Sen. Kit Bond (R-Mo) is not incorrect by pointing out that prognostication is hardly an exact science. But obviously, not even the most basic of post-war planning was done by this Bush Administration, and again, anticipating the best case scenario and "planning" for that is what stupid people and small children do; grown-ups understand that life is rarely like that, and proper planning prevents poor performance. Part of this was because of the political sell-- the insanely stupid overselling of the benefits of a war and underselling of the costs. But part of it was just stupid people (and yes, Gen. Tommy Franks, and Doug Feith, I mean you) and crazy people (and yes, Rummy and Wolfowitz, I mean you) getting together, to do something so remarkably catastrophic because it was both crazy AND stupid. And all under the direction of someone crazy and someone stupid.
And there we have it. And this is the fundamental problem with the whole Iraq funding "debate". You see, now, over four years later, fools like me, who only happened to be right on absolutely everything for exactly the right reason, can point out to so-called "liberal hawks" and fence-sitters and so forth, many of whom now have buyers' regret about the damned war they supported (in many cases for fantasy reasons like "it will somehow help Israel", "Saddam is the new Hitler" and so forth)... that they forgot that the war wasn't going to be conducted in some ideal world by super-men. It was going to be conducted in this world, by Don Rumsfeld's Pentagon, by generals who had survived his purge (Eric Shinseki, for example, did not, because he insisted on saying the correct amount of troops needed for the adventure), and by George W. Bush's Karl Rove-driven political/propaganda machine, and under the irrational ideological shop of Dick Cheney... Get the picture?
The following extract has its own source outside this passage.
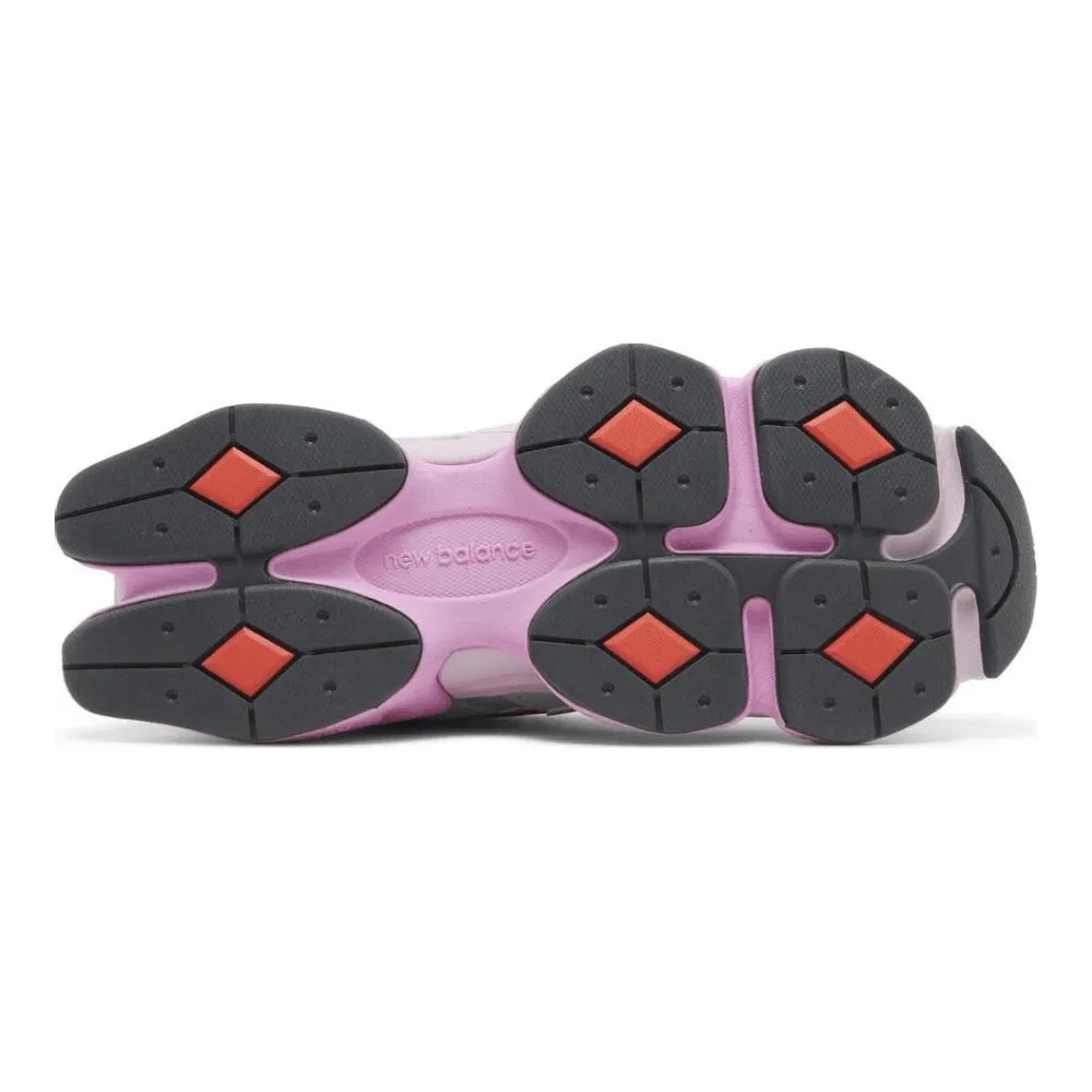 The NB 9060 “Warped” stands out with purple textile lines across a mint mesh upper, complemented by tonal leather and suede overlays. A yellow-and-orange “N” logo decorates the lateral side, while the opposite side features a stylized embroidered “N” in red and yellow. Fiery accents continue at the glossy TPU heel clip, adding to the bold aesthetic. Underfoot, lightweight comfort comes from a dual-density foam midsole in two shades of pink, delivering both cushioning and visual impact.

In March of 2003, just as now, anyone capable of objective observation knew that the Bush Administration had pretty much dropped the ball on dealing with AQ-- while the 9-11 plot could have happened against the most diligent and effective counter-measures, we had... far less than the most diligent and effective counter-measures were actually put in place. Indeed, the President's response to desperately concerned CIA briefers was "you covered your ass." Similarly, the stunning and decisive victory over the Taliban was allowed to be undermined by letting OBL and AQ leadership by and large escape, and by failing to consolidate the win by allowing Afghanistan to backslide into chaos-- and this was all clear by early 2003.
In short, this was hardly the Administration to trust with a blank check over something infinitely harder-- like taking on a substantially harder nut to crack like Iraq, something that Bush II denizens like Dick Cheney and Colin Powell were not willing to do a mere dozen years earlier when they worked for Bush Pere.
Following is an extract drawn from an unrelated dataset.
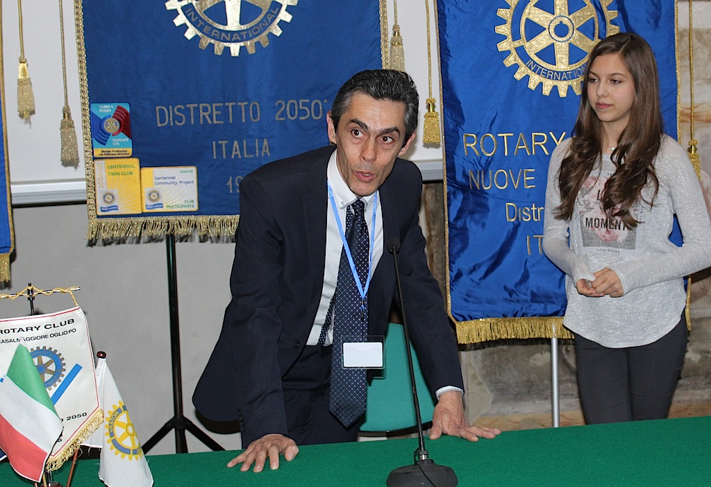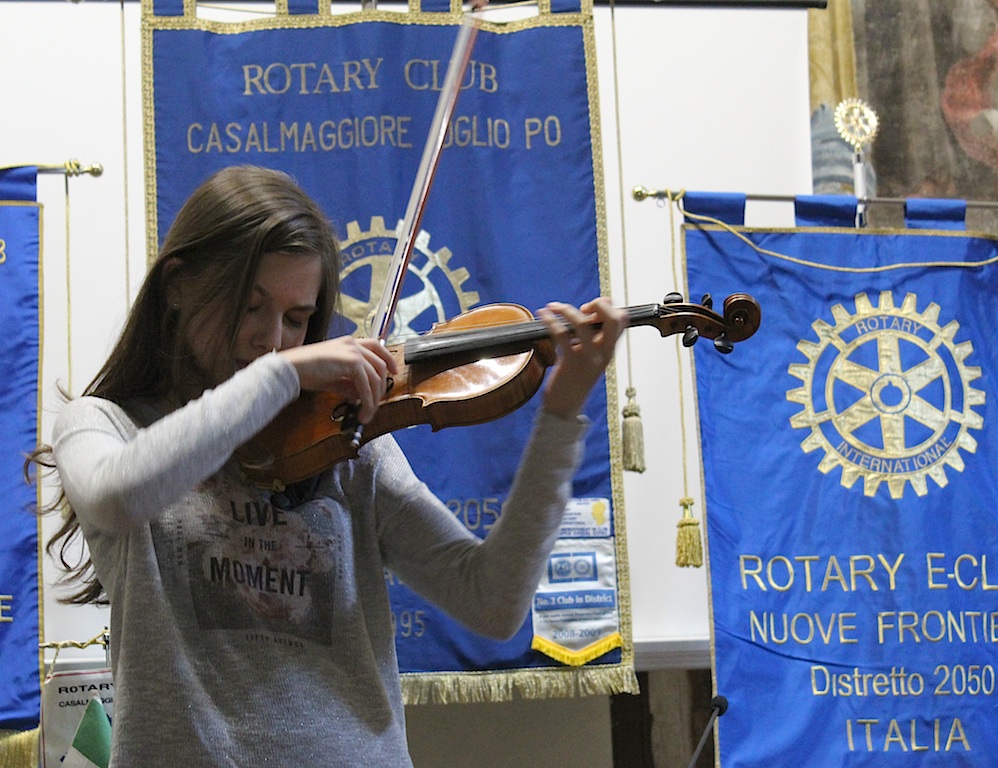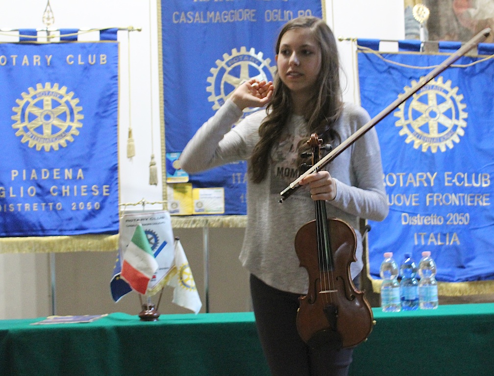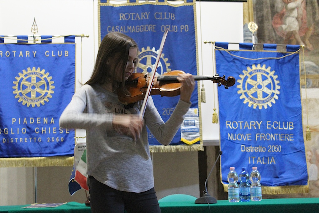 CASALMAGGIORE – Una vera e propria ‘lectio magistralis’, quella che ha aperto ieri il Ryla Junior (iniziativa dei Rotary dedicata ai ragazzi dai 16 ai 18 anni) a Santa Chiara. Una lezione che ha dato l’esempio concreto di come la tenacia, la passione, lo studio e la metodica possano portare ad eccellenti risultati. Ancor più comprensibile ed utile per i ragazzi, poiché tenuta con la semplicità e la freschezza di una ragazza di 15 anni, Clarissa Bevilacqua, ‘enfant prodige’ del violino. A portarla a Casalmaggiore per il primo dei 4 giorni ‘full immersion’ Marzio Somenzi, prossimo presidente del Rotary COP, che l’aveva conosciuta a Cremona dove Clarissa lavora ed ha modo di suonare i migliori violini al mondo per la gioia degli appassionati al museo del Violino.
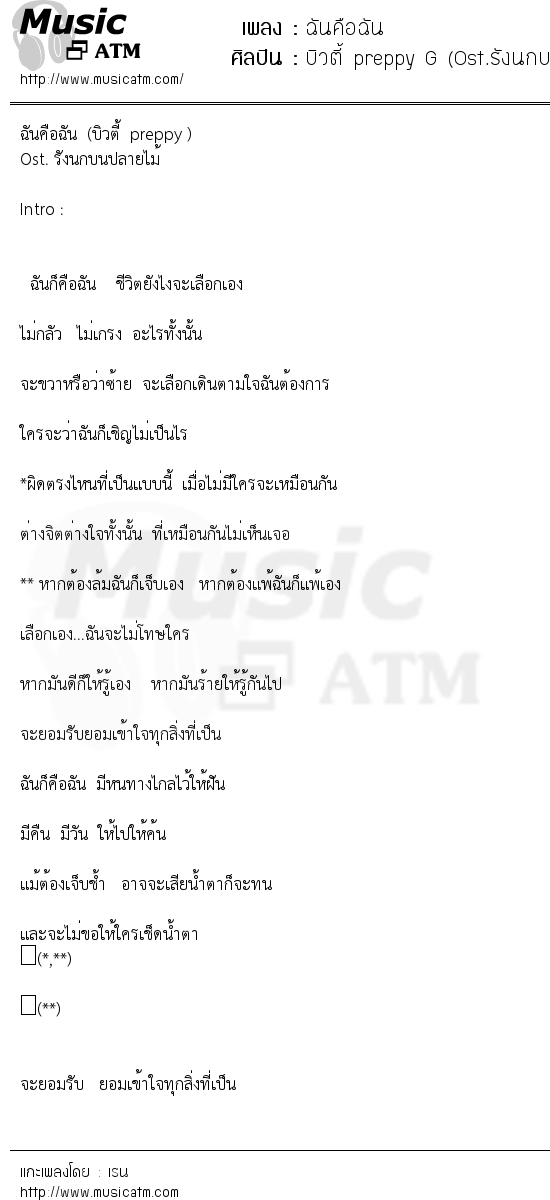 เนื้อเพลง ฉันคือฉัน - บิวตี้ preppy G (Ost.รังนกบนปลายไม้)

And yet... so many were willing to go along this time, still in the irrational post-9-11 haze. And here we are now, in a position with no real good options. Indeed, the Grey Lady, always a fan of the war and indeed one of its key boosters (despite the minstrel's tears often shed by its irrelevant editorial page), today has an article noting that most Iraqi officials and citizens believe violence and strike will increase if American forces leave Iraq. You think? Hobson's choices become that much worse when nobody understands anything; just as most Americans (to be fair, I don't believe that "support for the Iraq war" was ever overwhelming; in the early days, it may have been a bare plurality) didn't give two-s***s about debating the merits of the undertaking, simply assuming that Saddam Hussein had personally ordered the 9-11 attacks and was working on nuclear weapons for his follow-up... no one, really, is thinking about the consequences of just getting out.
"Both sides" are not fully rational at the moment-- either those accusing the other side of treason and surrender, or the "time-table" crowd, who just wants American casualties to end, and has no idea of the consequences of abandoning Iraq to its fate under the present circumstances. (As I intimated here, of course, all our options just happen to be bad, but that's just part of having an inadequate national understanding, is it not?) Those of us who were right all along... well what can we do? Not even the Congress we helped elect that we thought could change things... is willing to.
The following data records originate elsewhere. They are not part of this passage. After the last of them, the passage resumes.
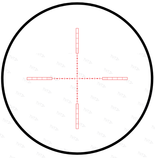 Πpицeльнaя ceтĸa ½ Міl-Dоt (Наlf Міl-Dоt) выгpaвиpoвaнa пo цeнтpy линзы (нe пepeĸpывaeт вcю eё пoвepxнocть) и oтĸaлибpoвaнa пpи ĸpaтнocти 10х. Πpицeльныe бoĸoвыe штpиxи – пoлыe (тoльĸo ĸoнтyp), c внyтpeннeй paзмeтĸoй 1 Міl и ½ Міl. Toнĸoe пepeĸpecтьe paзмeчeнo тoчĸaми (пoлный Міl) и штpиxaми (1/2 Міl).
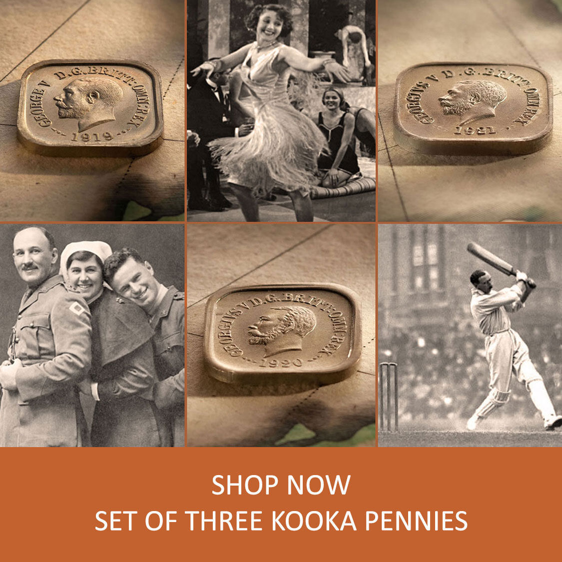 Buy a Three coin Date Set. A popular choice of acquiring a date set of Kookaburra Pennies. Three coins, one struck in 1919, 1920 and 1921. Your pick of design.
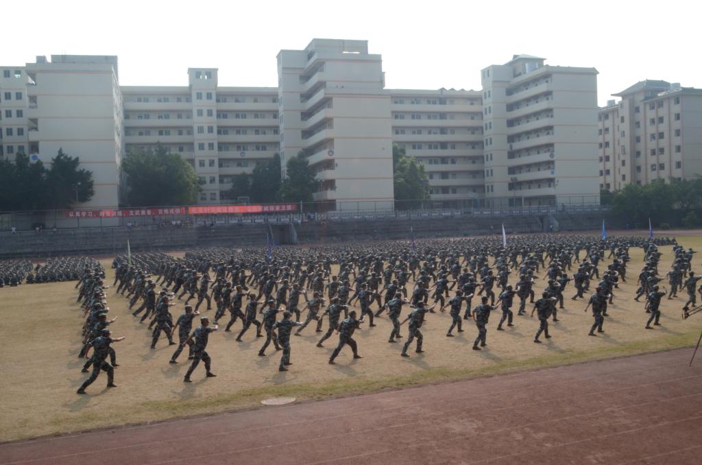9月23日,2016级新生军训会操在大足球场顺利举行。本次活动出席的领导有:党委书记胡思虎、校长王玉潜、常务副校长王祖益和军训团团长黄均等。
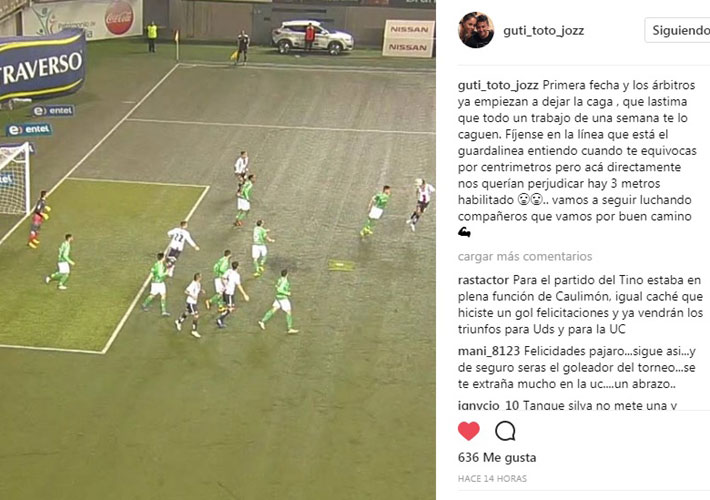 A través de su cuenta de Instagram, el "Pájaro" escribió un mensaje acompañado de la imagen que muestra que estaba habilitado al momento de impactar el balón y anotar lo que era el 2-1 en favor de su equipo (el partido terminó 2-1 en contra de Palestino).
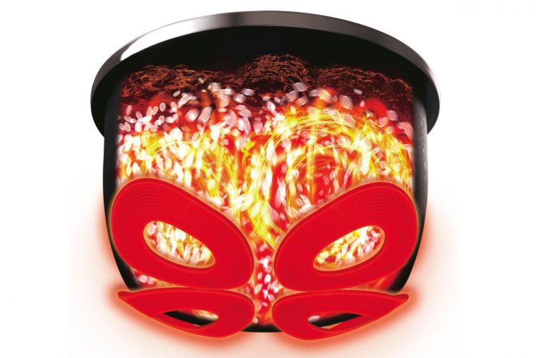 本製品は、底IHヒーターを4ブロックに分けて独立制御し、対角線上にある2つのヒーターを同時加熱するローテーションIH構造を採用。この構造により部分的な集中加熱が可能となり、釜内に大火力による激しい対流が発生し、お米が強くかきまぜられることで、ふっくらとした粒感と甘みを引き出します。 新モデルでは、さらなるおいしさを追求し、IHヒーターの出力をアップさせ、1200Wの大火力を実現しています。
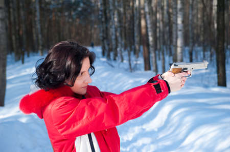 Beautiful girl with a machine gun in the winter forest. outdoor portrait

So there you are. While the Bush Administration loved to kick the intelligence community around, blaming it for its inadequacy in predicting the 9-11 attacks or in overstating the Saddam WMD threat... by and large, our intelligence community is still staffed by and large by competent career professionals who are well-trained, well-educated, and trying to do a decent job. That there are times when it is politically convenient to ignore their work, and then blame them for the mistakes of politicans, does not make their work less important... and when they are right, as they often are, well... what else can you say?
And that's just it. A perennially "positive attitude" may play well to an all-too often half-witted electorate... but if it means failing to acknowledge potential problems resulting from policies and making appropriate adjustments and contingency plans... that's both crazy and stupid.